Below are records; please write out exactly the lines from the first line through the line containing "(【特典キッチンクロス付き】ペールアクア) | KAZESHOP", with no pictures.

(Record set)

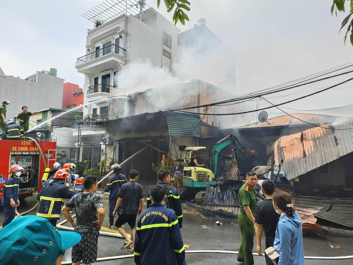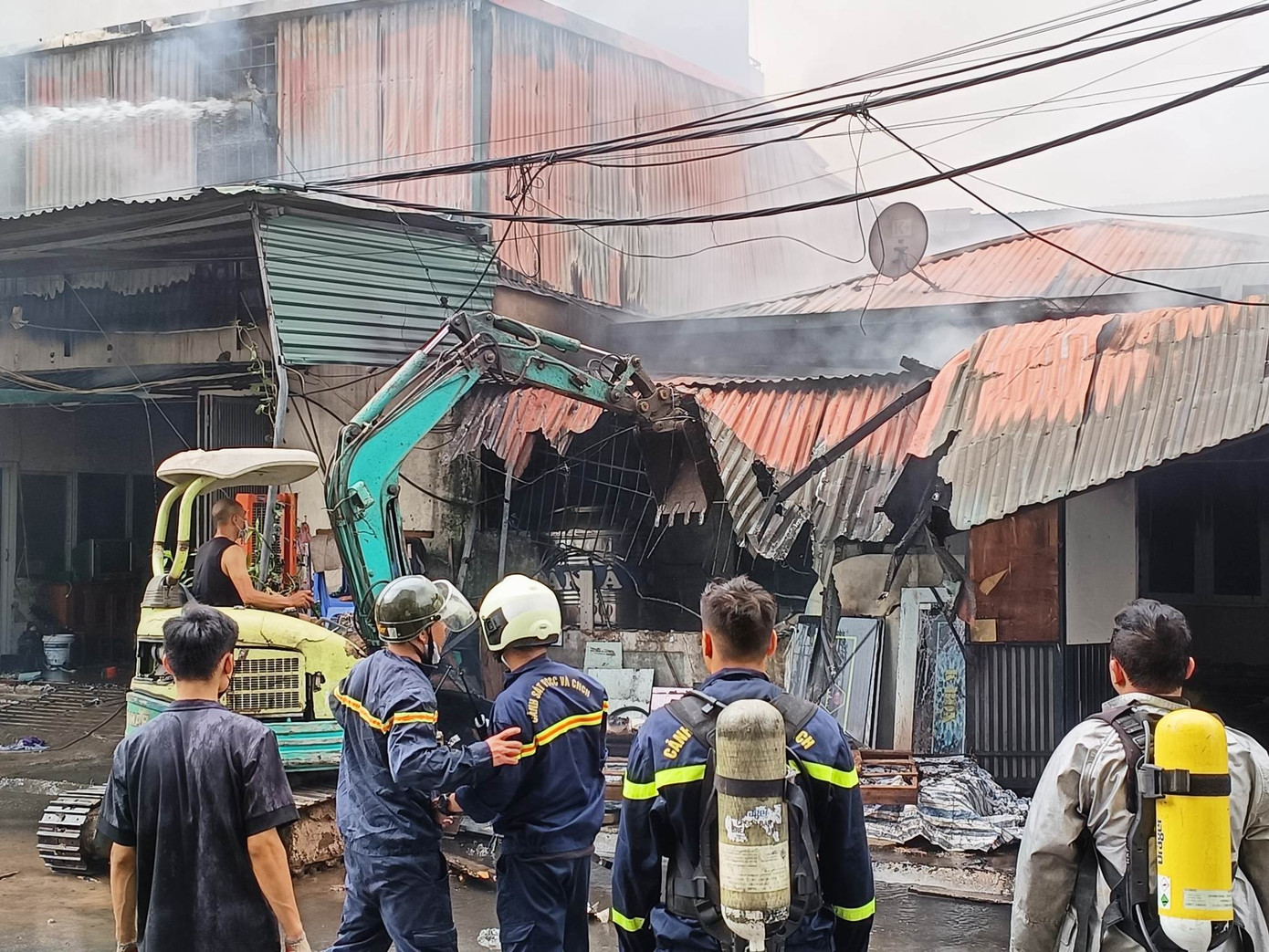 Tại hiện trường lúc 8h50, lực lượng chức năng huy động máy xúc đến phá dỡ mái tôn, tường để tiếp cận bên trong.
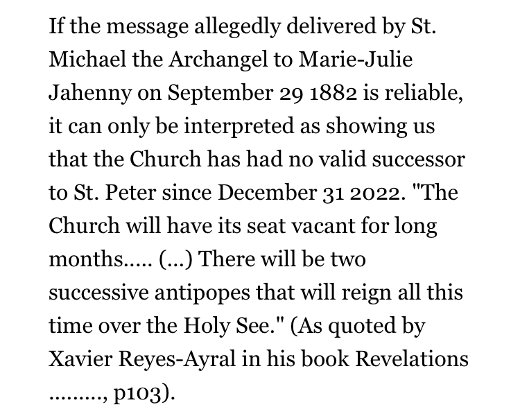 Hmmm… I don’t know… maybe all THIS is why Pope Benedict XVI wouldn’t go to the “canonization” of Paul VI? Just a guess. Look, I have already told my readers my position: I believe the chair has been vacant since the death of Pope Benedict XVI, and we are in the current state of interregnum (the longest the Church has ever had was three years, and we are now past that) making Bergoglio and Prevost definite anti popes predicted by Our Lady and Marie Julie Jahenny.
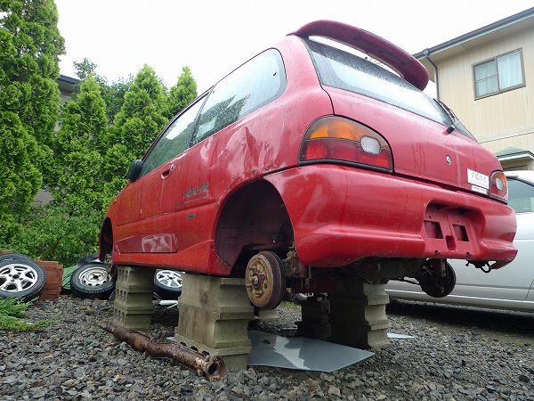 部品取りの車から部品を取り外し中で車の下に潜って作業が出来るほどブロックを積んで車体を上げてました。 今回の台風8号はかなり大きく九州横断して宮崎に直撃しそうなので、このままだと突風で横転しそうなので下げることにしました。
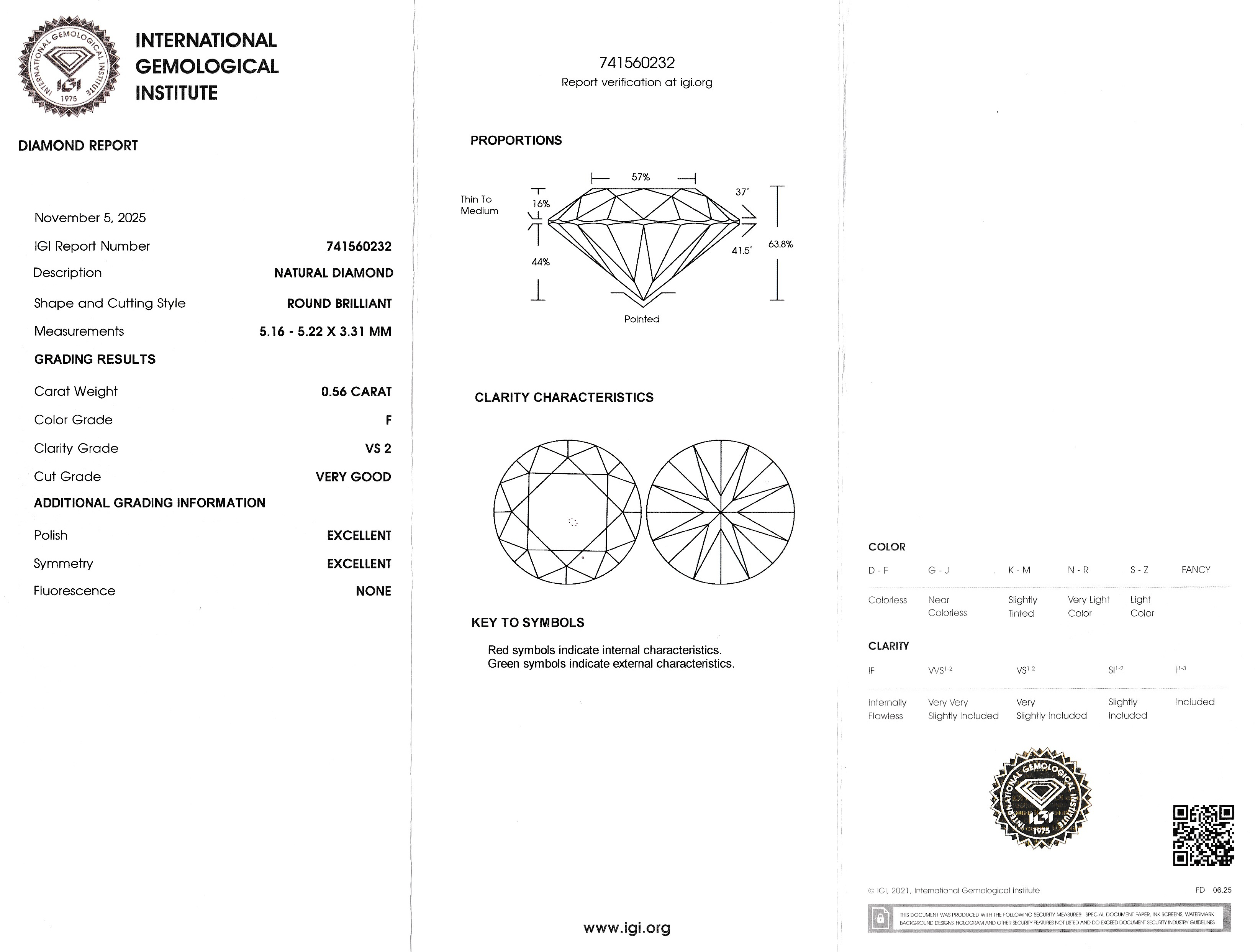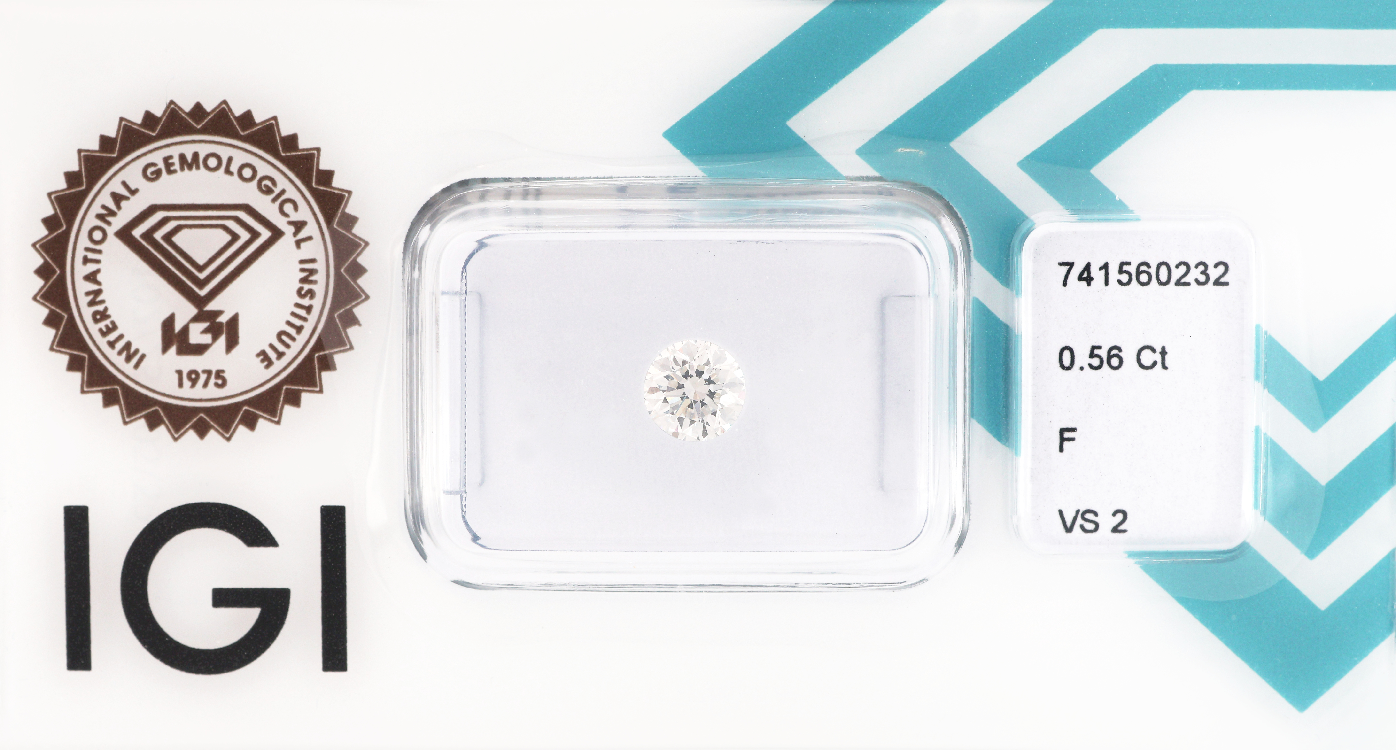 Loser Brillant, 0.56 ct feines Weiß+(F)/vs2, eingeschweißt, IGI-Expertise Schätzpreis: 2300, - EUR
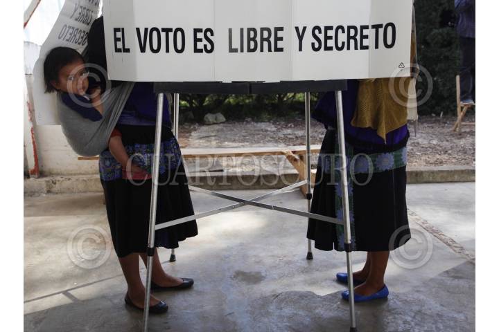 SAN CRISTOBAL DE LAS CASAS, CHIAPAS, 01JULIO2018.- Al rededor de 150 mujeres y hombres tsosiles desplazados del municipio de Chenalhó votaron en una casilla especial, dentro del campamento en el que se encuentra desde el 26 de mayo de 2016. Después de una disputa poselectoral por la presidencia municipal, este grupo de 250 personas salió del ejido Puebla tras el hostigamiento de un grupo paramilitar. El Instituto Nacional Electoral ordenó la instalación de esta casilla especial después de la solicitud de la comunidad, del Centro de Derechos Humanos Ku’untik, la Comisión Nacional de de Derechos Humanos y la ONU. FOTO: PEDRO ANZA /CUARTOSCURO.COM
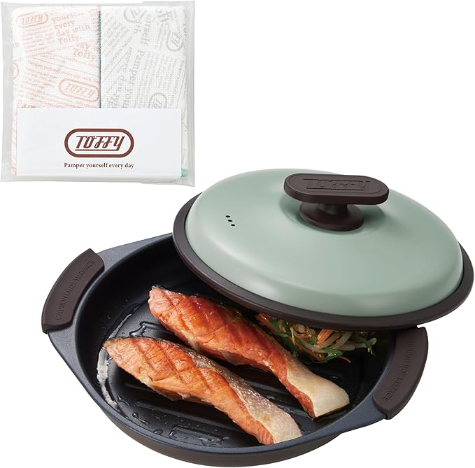 【特典付き】【Toffy/トフィー】 電子レンジ用 グリルパン K-MW3 レンジ調理器 波型プレート 1台6役 焼く/炒める/蒸す/茹でる/炊く/煮る シリコーンミトン付き レシピブック付き K-MW3 (【特典キッチンクロス付き】ペールアクア) | KAZESHOP
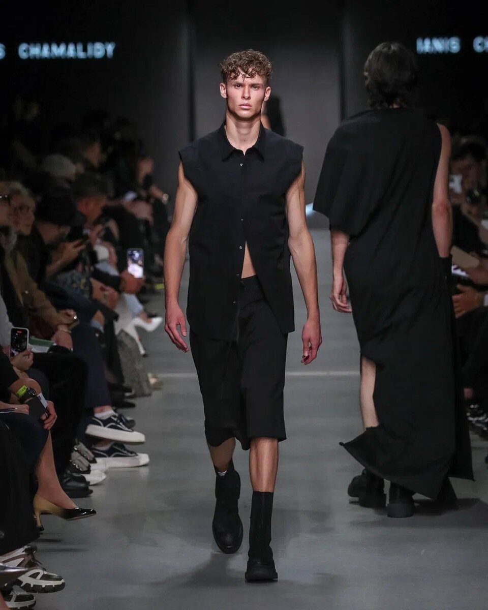 Коллекция бренда IANIS CHAMALIDY (Санкт-Петербург) на подиуме Московской недели моды Бренд IANIS CHAMALIDY представил коллекцию «Lumen In Tenebris» («Свет во тьме»), построенную на сложных многослойных образах и элементах деконструкции. В основе линейки — изделия со свободным кроем: удлиненные брюки, укороченные жакеты и асимметричные топы. Легкие силуэты были выполнены из переливающихся тканей и материалов с металлическим блеском. Коллекция выдержана в сдержанной гамме: в черных, графитовых и бежевых оттенков.
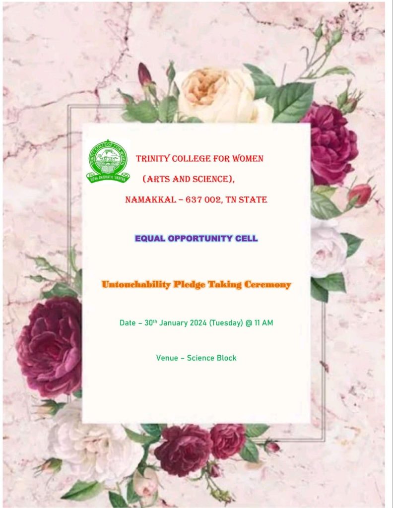 The coordinator of the Equal Opportunity Cell, Dr. R.A. Anitha, as well as students of Trinity College for Women, Namakkal, assembled in front of the science block at 11.30 AM on January 30, 2024, to observe two minutes of silence and take a pledge against untouchability

(End Record set)

### Written reply
 Tại hiện trường lúc 8h50, lực lượng chức năng huy động máy xúc đến phá dỡ mái tôn, tường để tiếp cận bên trong.
 Hmmm… I don’t know… maybe all THIS is why Pope Benedict XVI wouldn’t go to the “canonization” of Paul VI? Just a guess. Look, I have already told my readers my position: I believe the chair has been vacant since the death of Pope Benedict XVI, and we are in the current state of interregnum (the longest the Church has ever had was three years, and we are now past that) making Bergoglio and Prevost definite anti popes predicted by Our Lady and Marie Julie Jahenny.
 部品取りの車から部品を取り外し中で車の下に潜って作業が出来るほどブロックを積んで車体を上げてました。 今回の台風8号はかなり大きく九州横断して宮崎に直撃しそうなので、このままだと突風で横転しそうなので下げることにしました。
 Loser Brillant, 0.56 ct feines Weiß+(F)/vs2, eingeschweißt, IGI-Expertise Schätzpreis: 2300, - EUR
 SAN CRISTOBAL DE LAS CASAS, CHIAPAS, 01JULIO2018.- Al rededor de 150 mujeres y hombres tsosiles desplazados del municipio de Chenalhó votaron en una casilla especial, dentro del campamento en el que se encuentra desde el 26 de mayo de 2016. Después de una disputa poselectoral por la presidencia municipal, este grupo de 250 personas salió del ejido Puebla tras el hostigamiento de un grupo paramilitar. El Instituto Nacional Electoral ordenó la instalación de esta casilla especial después de la solicitud de la comunidad, del Centro de Derechos Humanos Ku’untik, la Comisión Nacional de de Derechos Humanos y la ONU. FOTO: PEDRO ANZA /CUARTOSCURO.COM
 【特典付き】【Toffy/トフィー】 電子レンジ用 グリルパン K-MW3 レンジ調理器 波型プレート 1台6役 焼く/炒める/蒸す/茹でる/炊く/煮る シリコーンミトン付き レシピブック付き K-MW3 (【特典キッチンクロス付き】ペールアクア) | KAZESHOP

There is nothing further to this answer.